Kisspeptin (KP) has been shown to inhibit cancer cell metastasis and placental trophoblast cell migration. In this study
primary cultures of first trimester human trophoblast cells have been utilized in order to study the regulation of invasion
and angiogenesis-related genes by KP. Trophoblast cells were isolated from first trimester placenta and their identity was
confirmed by immunostaining for cytokeratin-7. Real-time quantitative RT-PCR demonstrated that primary trophoblast cells
express higher levels of GPR54 (KP receptor) and KP mRNA than the trophoblast cell line HTR8Svneo. Furthermore,
trophoblast cells also expressed higher GPR54 and KP protein levels.

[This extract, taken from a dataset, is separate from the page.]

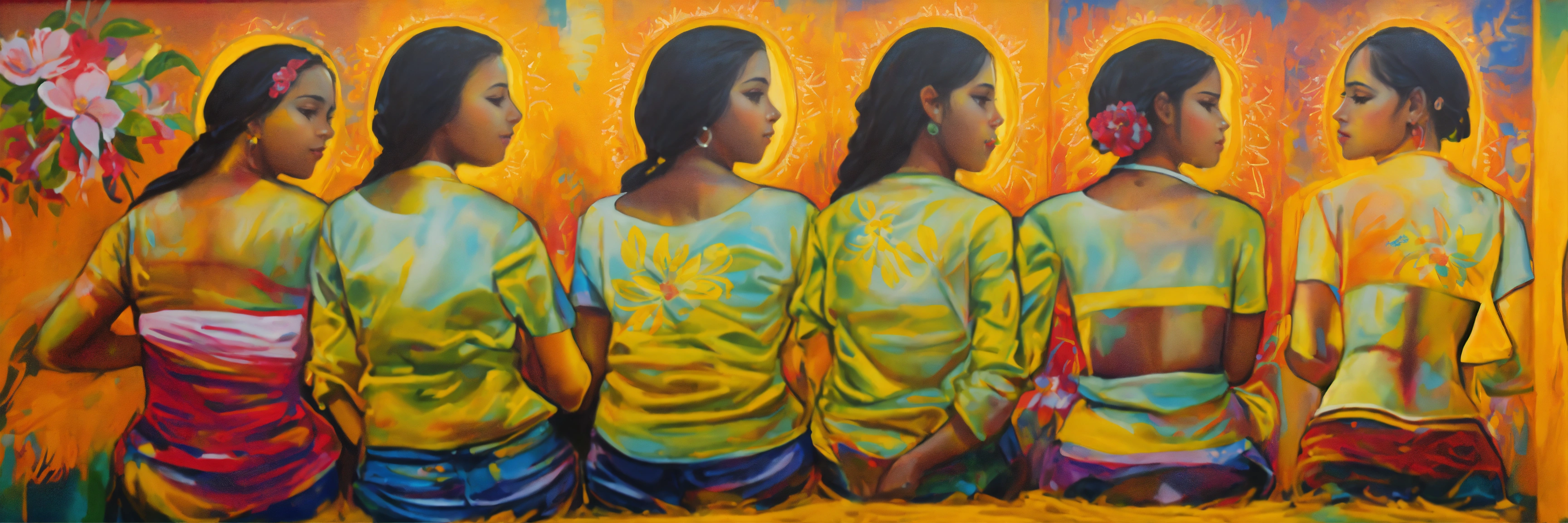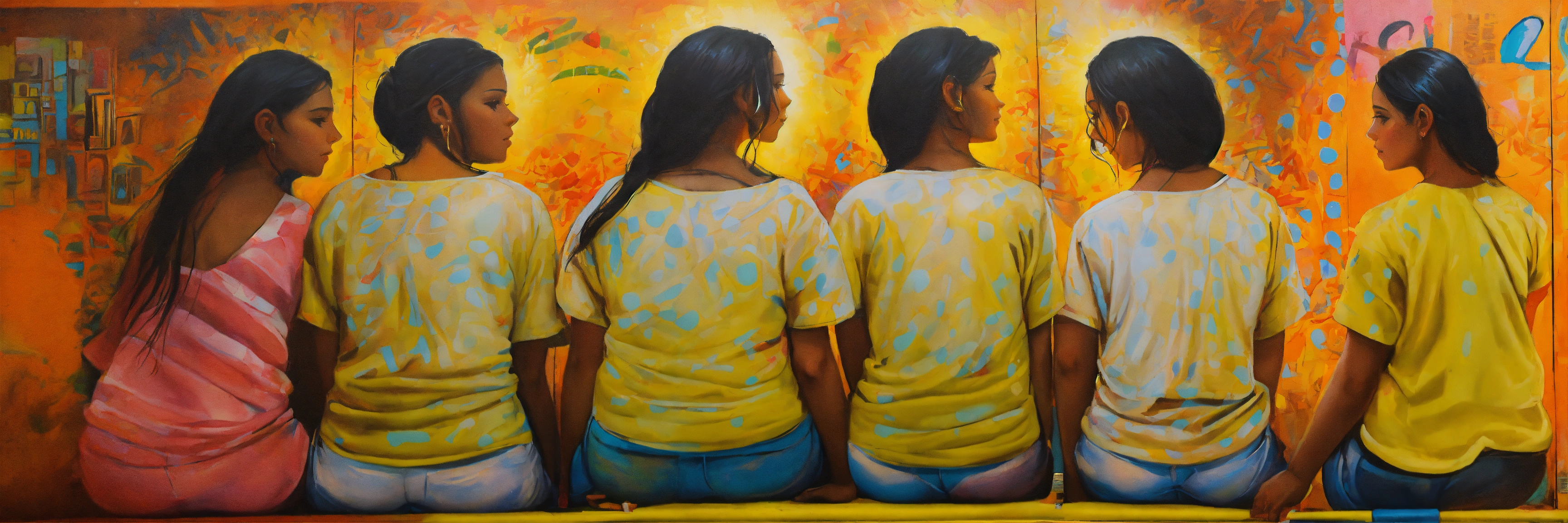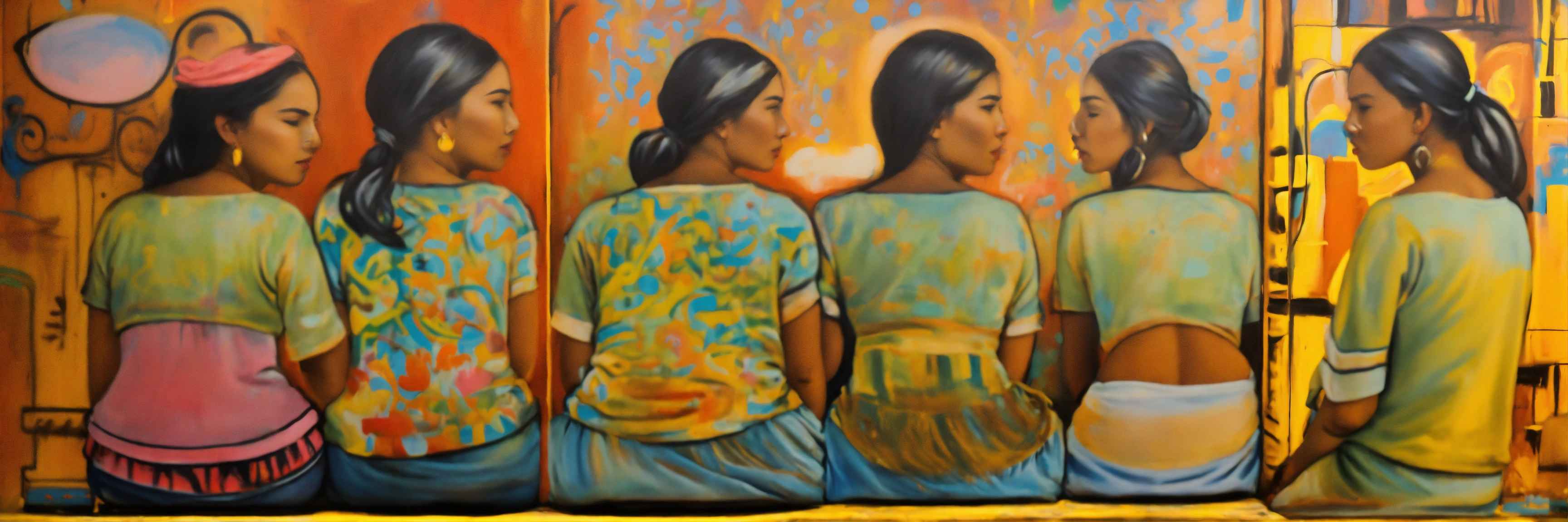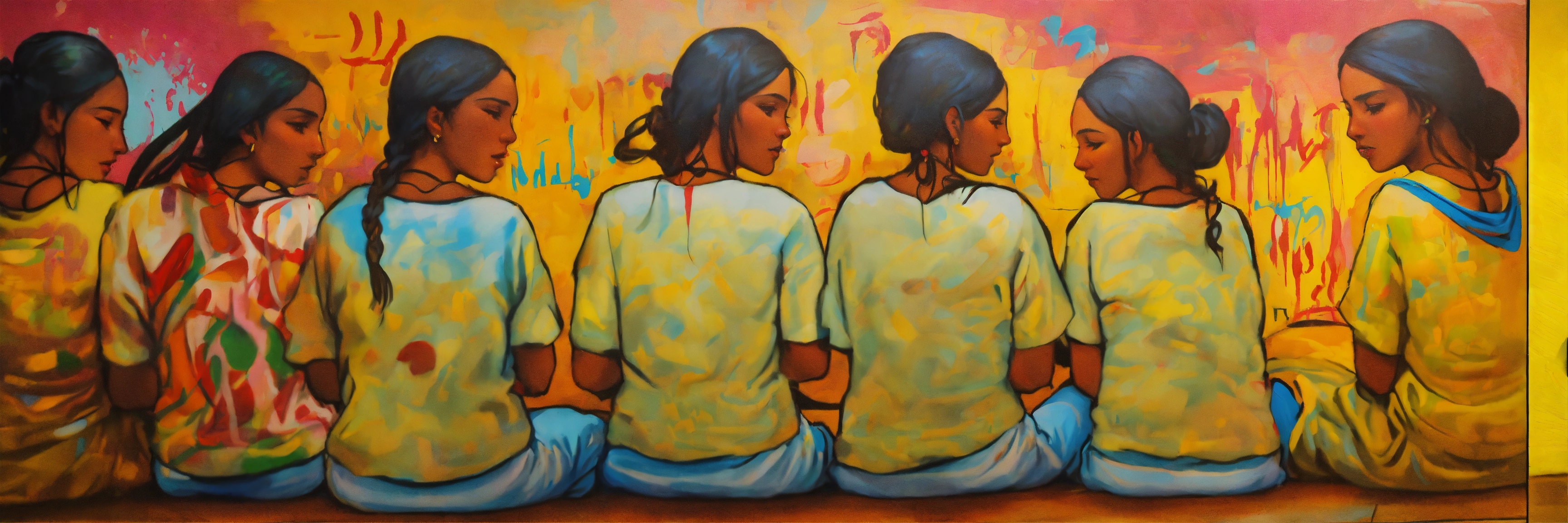 Pintura, de mujeres de distintas etnias o razas, todas estas mujeres tejiendo un colorido textil, no uses fotografías, quiero pintura, that showcases empathy osea the emotional involvement of a person in a reality outside of their own, usually in the feelings of another person, graffiti. abrazo entre dos mujeres, cariño, altruismo by belkis ayún and basquiat style

Treating primary trophoblast cells with KP induced
ERK1/2 phosphorylation, while co-treating the cells with a KP antagonist almost completely blocked the activation of ERK1/2
and demonstrated that KP through its cognate GPR54 receptor can activate ERK1/2 in trophoblast cells. KP reduced the
migratory capability of trophoblast cells in a scratch-migration assay. Real-time quantitative RT-PCR demonstrated that KP
treatment reduced the expression of matrix metalloproteinase 1, 2, 3, 7, 9, 10, 14 and VEGF-A, and increased the expression
of tissue inhibitors of metalloproteinases 1 and 3. These results suggest that KP can inhibit first trimester trophoblast cells
invasion via inhibition of cell migration and down regulation of the metalloproteinase system and VEGF-A.